Shadid interweaves Middle Eastern history and his own family lore into the story of his brave, poignant quixotic adventure. In the center is the house, and the hilariously funny, bickering local workers he hires for its reconstruction. His foreman, a 76-year-old theatrical diva, says things like “Money. Curse its religion, that son of a whore,” while haggling him for more. His 76-year-old stonemason recites ancient poetry while sledge hammering. His painter is color-blind. His carpenter is “so utterly lacking in punctuality that he measures time in seasons.” As the project nears completion, Shadid receives a water bill listing charges from the six years before he lived there.
He befriends the town’s most heroic man, Dr. Khairalla Mady, a 65-year-old dignified hospital administrator battling cancer. Dr. Khairalla feels betrayed when he’s accused of being an Israeli collaborator and his neighbors don’t defend him. “The closer you get to Beirut, the worse people become,” Dr. Khairalla tells him. “They’re cowards. This is their mentality. They look solely after their own interests.”

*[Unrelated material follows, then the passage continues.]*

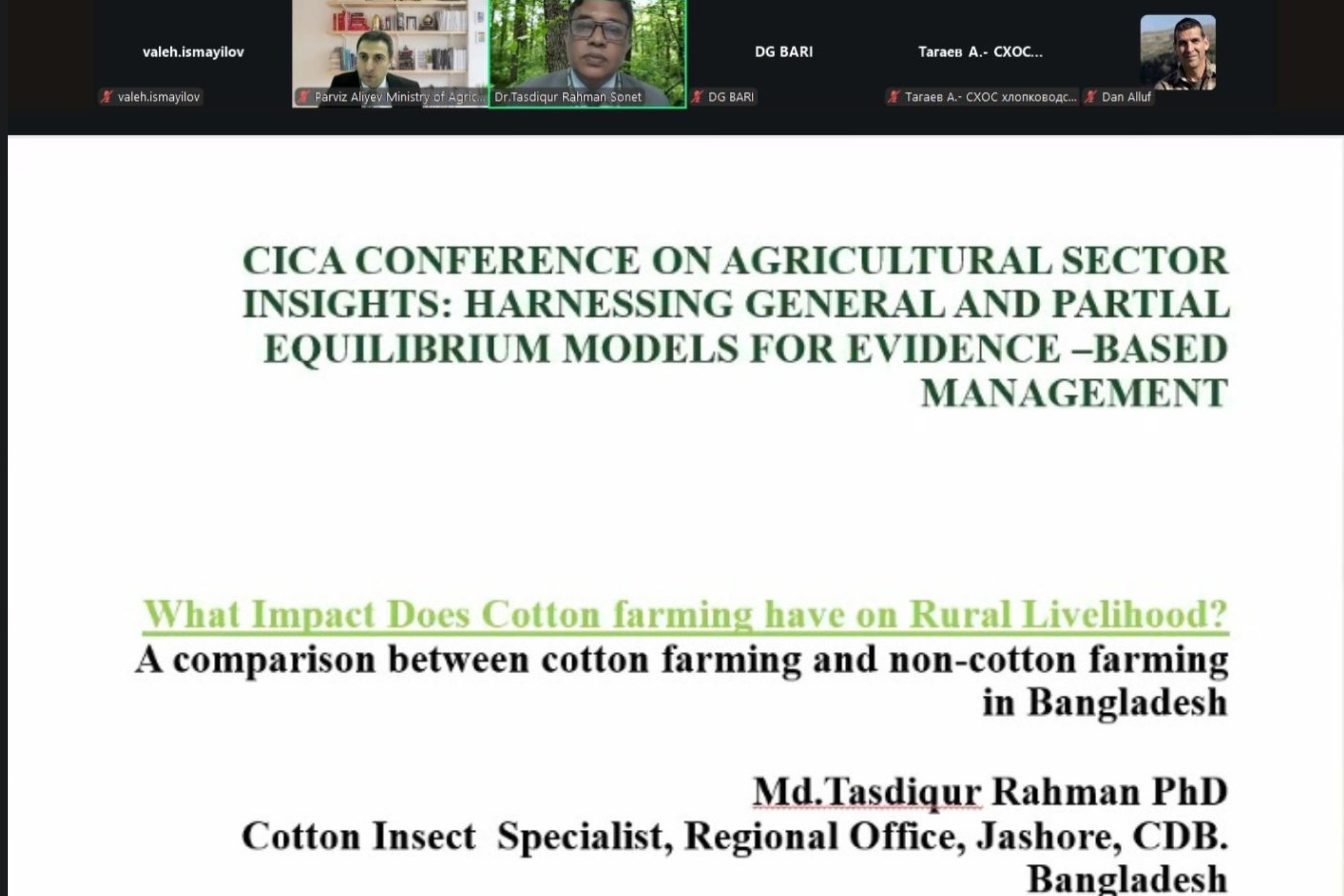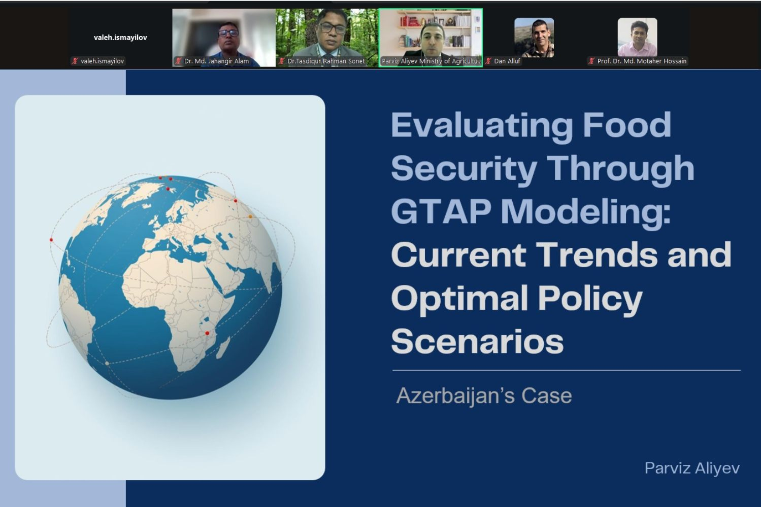 Aqrar Tədqiqatlar Mərkəzinin direktorunun müşaviri Pərviz Əliyev isə “GTAP modeli vasitəsilə ərzaq təhlükəsizliyinin qiymətləndirilməsi: cari trendlər və optimal siyasət ssenariləri” mövzusunda təqdimatla çıxış edib. O, Qlobal Ticarət Təhlili - GTAP modelinin əsas xüsusiyyətləri, komponentləri və tətbiq sahələri barədə danışıb, bu modeldən istifadə etməklə buğdanın idxalının rüsumla tənzimlənməsi ssenarisi üzrə apardığı simulyasiyanın nəticələri barədə məlumat verib.

Shadid bravely depicts unlikable characters without mercy, twists old clichés into idiosyncratic parables and laces his messy, disjointed yet soulful pages with cynical wisdom. The author clearly found his subject, as if the insanity and volatility of the Middle East mirrored his anxious temperament. It’s unclear how long he was able to live in the house before he lost his life at age forty-three. He left behind his second wife, Nada Bakri, and their son, Malik, in Lebanon, and Laila, his American daughter, to whom the book is dedicated.
A wounded, middle-age asthmatic allergic to horses who chain smokes throughout a hostile, horse-filled country seems hellbent on self-destruction. Yet it’s Shadid’s irrationality and recklessness that makes this book, his last dispatch, so memorable and compelling. As he writes toward the end: “To my family, separated or reunited, Isber’s house makes a statement: Remember the past. Remember Marjayoun. Remember who are you.”